IBM WebSphere Portal 8.5: User assistance for administrators |
---|
Manage the content sources of a search collection
To work with the content sources of a search collection, click the collection name in the list of search collections. Manage Search lists the Content Sources and the Search collection status information of the selected search collection. A search collection can be configured to cover more than one content source. From the Content Sources window, you can refresh, view status, and configure schedulers and crawlers for a specific content source.
While a crawl on the content source is running, refreshing the status information updates the information about the run time and the documents collected so far.
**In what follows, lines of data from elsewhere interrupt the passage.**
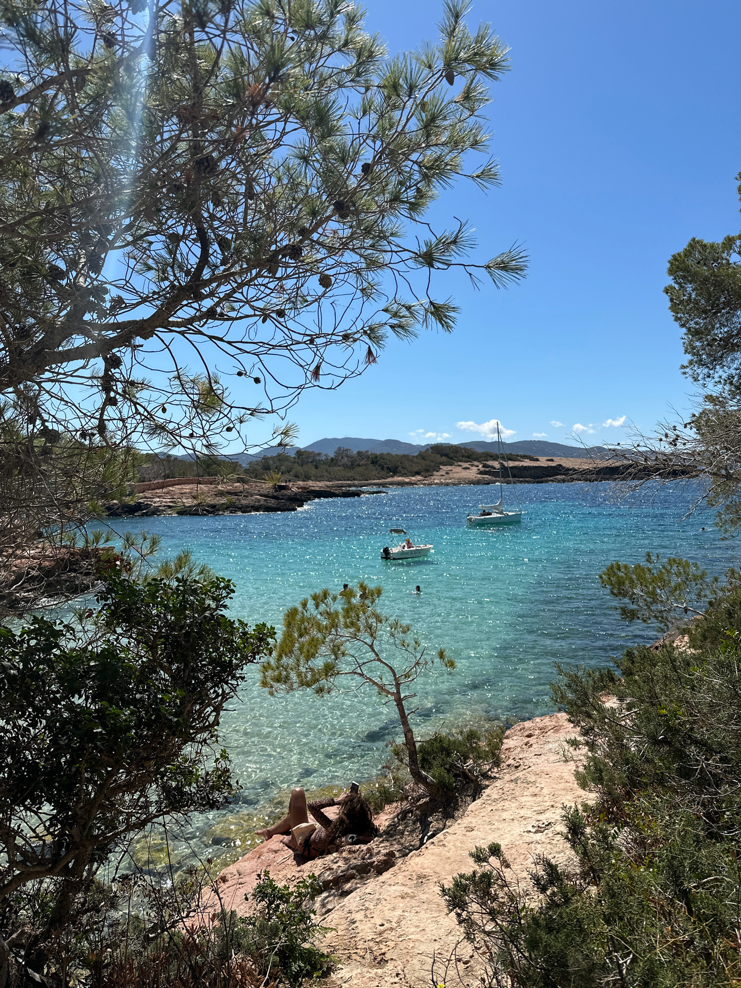 The image shows a cove in Sant Antoni de Portmany, Spain. The view is partially framed by trees in the foreground. Clear turquoise water fills the cove, reflecting sunlight. Two boats are anchored inβ¦read more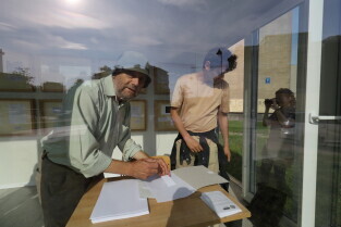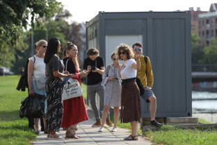 Gdańsk. Niefestiwal Miasto i Sztuka. Moja Wolność. Nz. Oprowadzanie kuratorskie-Kinga Jarocka.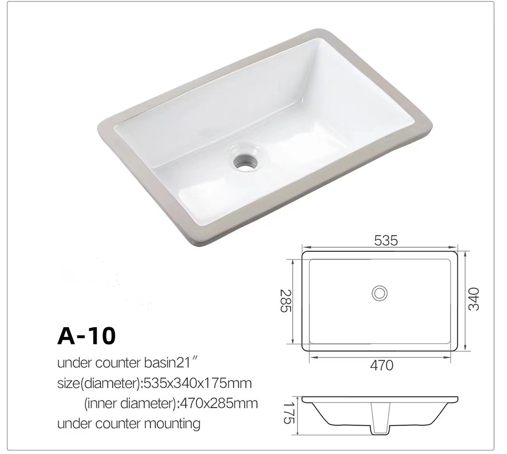The A-10 Rectangular Undermount Basin offers a clean and minimalist design, ideal for modern bathrooms seeking a refined under-counter look.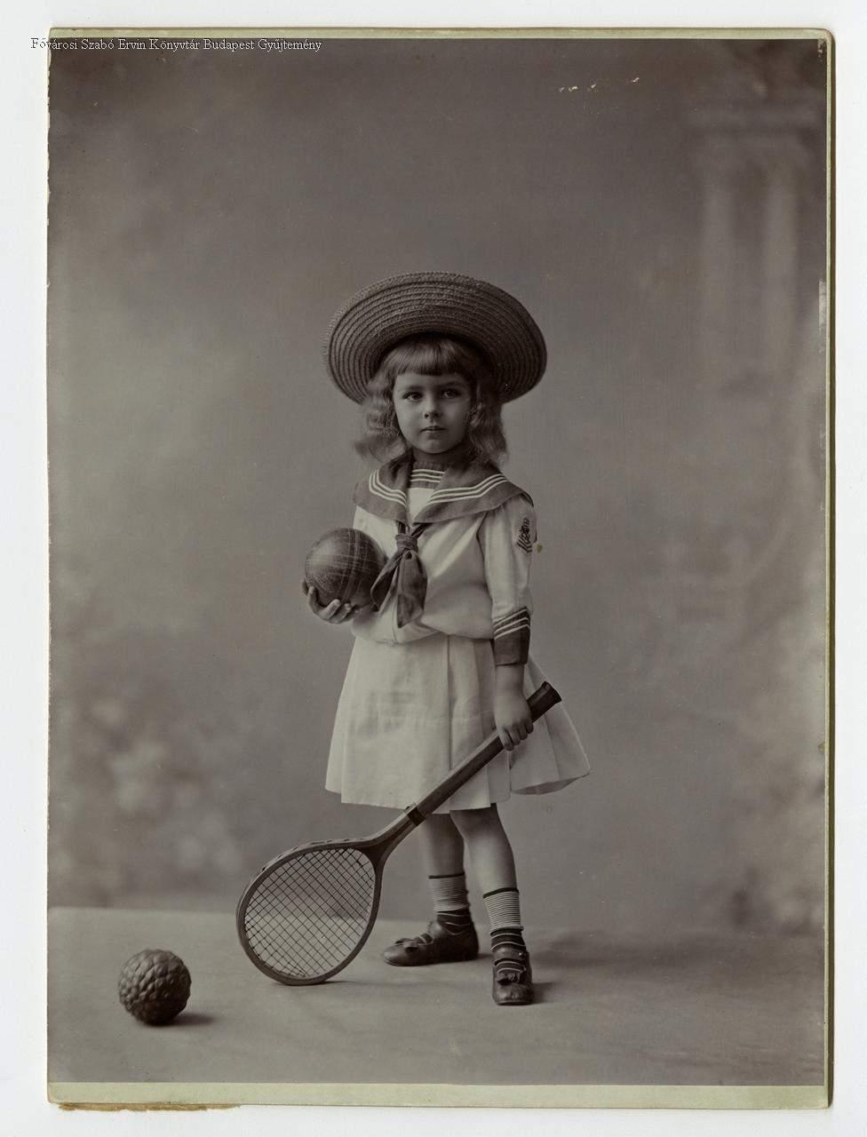 műtermi portré, teljes alakú kép, gyermek, lánygyermek, játékszer, tenisz, labda, századforduló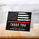 Dieses Design verfügt über eine Feuerwehrflagge mit schwarz-weißen Streifen und einen dünnen roten Streifen. Diese Dankeschön-Karte ist großartig dafür, einem Feuerwehrmann, Leutnant, Kapitän oder Chef für ihren Dienst Anerkennung zu zollen und ihnen zu danken.

You can also view the status of the content source such as the number of documents, the run time of the last crawler, and the schedules of the run.
You can view the status of the schedulers and configure crawlers for a specific content source. The View Content Source Schedulers icon is displayed only if you defined scheduled crawls for this content source. If you click this icon, the portlet lists the scheduled crawls. It also provides information about the start date and time, repeat interval, next run date and time, and status. The status information can be disabled or enabled.
- For website content sources, documents that were indexed before and still exist in the content source are updated. Documents that were indexed before, but no longer exist are retained in the search collection. Documents that are new in the content source are indexed and added to the collection.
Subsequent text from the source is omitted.